- _Records for the exercise_
————

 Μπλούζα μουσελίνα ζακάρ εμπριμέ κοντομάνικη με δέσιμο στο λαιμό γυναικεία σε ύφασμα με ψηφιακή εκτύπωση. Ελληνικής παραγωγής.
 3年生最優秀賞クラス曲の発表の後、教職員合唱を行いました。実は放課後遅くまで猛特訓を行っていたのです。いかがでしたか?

————

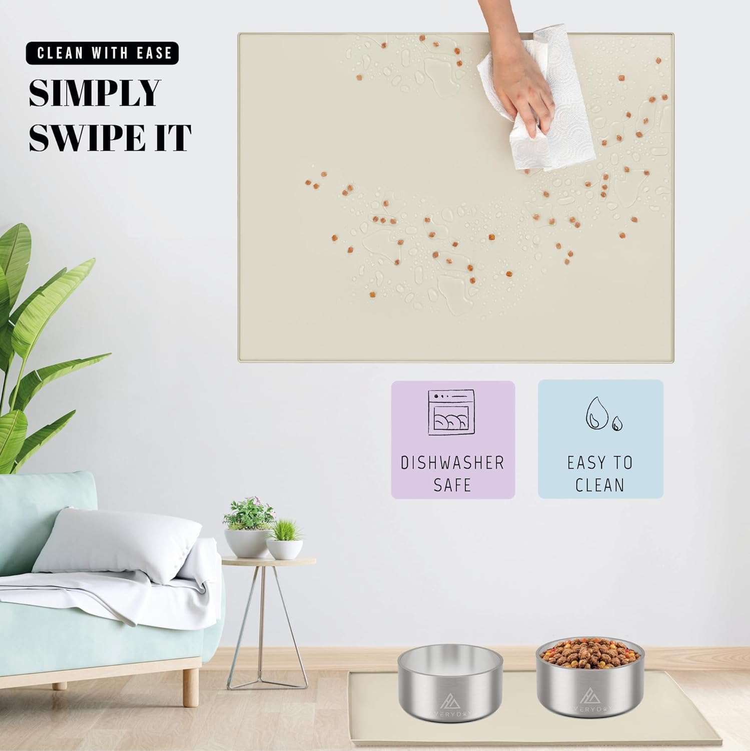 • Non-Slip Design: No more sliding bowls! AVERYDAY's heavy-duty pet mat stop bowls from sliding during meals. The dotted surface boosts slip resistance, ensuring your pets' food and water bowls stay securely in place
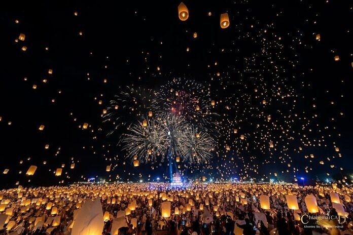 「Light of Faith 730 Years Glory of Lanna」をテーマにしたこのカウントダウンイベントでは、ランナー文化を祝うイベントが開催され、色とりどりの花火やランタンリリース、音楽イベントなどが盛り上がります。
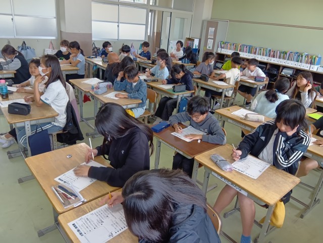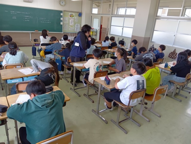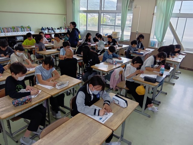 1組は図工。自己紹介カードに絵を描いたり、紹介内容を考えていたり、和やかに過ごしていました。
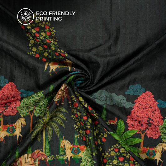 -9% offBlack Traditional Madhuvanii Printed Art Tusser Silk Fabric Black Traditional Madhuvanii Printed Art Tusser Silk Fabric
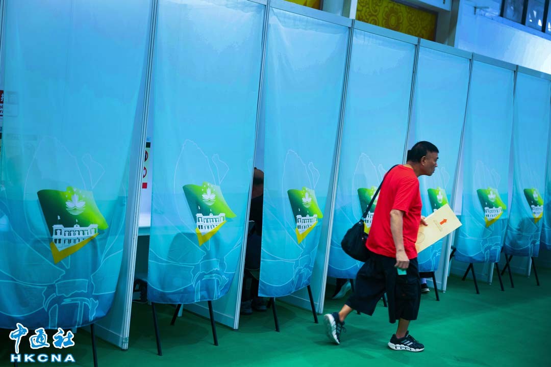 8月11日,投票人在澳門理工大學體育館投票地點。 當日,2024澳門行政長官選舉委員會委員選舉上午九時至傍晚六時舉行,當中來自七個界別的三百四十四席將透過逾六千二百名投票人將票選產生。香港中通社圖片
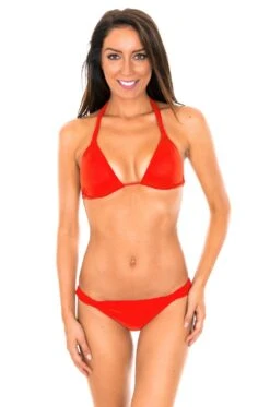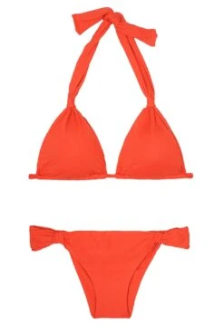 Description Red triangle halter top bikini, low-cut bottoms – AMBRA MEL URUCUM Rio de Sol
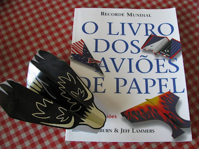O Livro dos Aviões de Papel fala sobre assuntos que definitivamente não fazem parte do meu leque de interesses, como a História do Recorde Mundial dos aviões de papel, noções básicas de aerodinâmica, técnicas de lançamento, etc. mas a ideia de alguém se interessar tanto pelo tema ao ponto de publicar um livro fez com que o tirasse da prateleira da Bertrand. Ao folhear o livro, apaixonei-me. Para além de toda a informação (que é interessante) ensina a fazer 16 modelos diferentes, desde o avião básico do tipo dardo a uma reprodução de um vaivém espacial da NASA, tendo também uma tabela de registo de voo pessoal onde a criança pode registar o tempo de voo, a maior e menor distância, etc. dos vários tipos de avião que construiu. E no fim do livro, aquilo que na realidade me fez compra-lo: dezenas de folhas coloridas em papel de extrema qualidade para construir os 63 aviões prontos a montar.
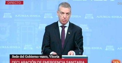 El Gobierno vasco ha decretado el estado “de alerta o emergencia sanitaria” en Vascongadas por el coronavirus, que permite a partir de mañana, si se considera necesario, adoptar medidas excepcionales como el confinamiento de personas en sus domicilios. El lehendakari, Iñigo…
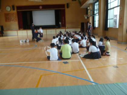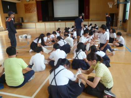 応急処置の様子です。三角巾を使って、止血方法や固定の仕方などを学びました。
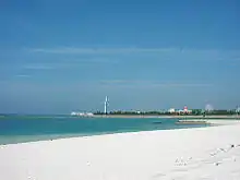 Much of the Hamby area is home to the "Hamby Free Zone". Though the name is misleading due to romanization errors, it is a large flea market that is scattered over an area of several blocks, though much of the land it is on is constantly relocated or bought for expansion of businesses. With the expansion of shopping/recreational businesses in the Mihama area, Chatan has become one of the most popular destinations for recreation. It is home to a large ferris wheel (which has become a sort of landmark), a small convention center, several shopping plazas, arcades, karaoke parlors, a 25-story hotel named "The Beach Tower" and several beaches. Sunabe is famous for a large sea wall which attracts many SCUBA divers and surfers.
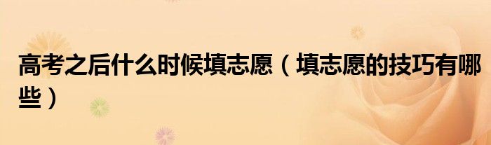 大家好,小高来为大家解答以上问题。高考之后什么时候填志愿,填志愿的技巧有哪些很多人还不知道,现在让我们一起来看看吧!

————

From the records above, copy exactly the stretch from the line holding "応急処置の様子です。三角巾を使って、止血方法や固定の仕方などを学びました。" through the line holding "大家好,小高来为大家解答以上", both ends included, without the pictures.

 応急処置の様子です。三角巾を使って、止血方法や固定の仕方などを学びました。
 Much of the Hamby area is home to the "Hamby Free Zone". Though the name is misleading due to romanization errors, it is a large flea market that is scattered over an area of several blocks, though much of the land it is on is constantly relocated or bought for expansion of businesses. With the expansion of shopping/recreational businesses in the Mihama area, Chatan has become one of the most popular destinations for recreation. It is home to a large ferris wheel (which has become a sort of landmark), a small convention center, several shopping plazas, arcades, karaoke parlors, a 25-story hotel named "The Beach Tower" and several beaches. Sunabe is famous for a large sea wall which attracts many SCUBA divers and surfers.
 大家好,小高来为大家解答以上问题。高考之后什么时候填志愿,填志愿的技巧有哪些很多人还不知道,现在让我们一起来看看吧!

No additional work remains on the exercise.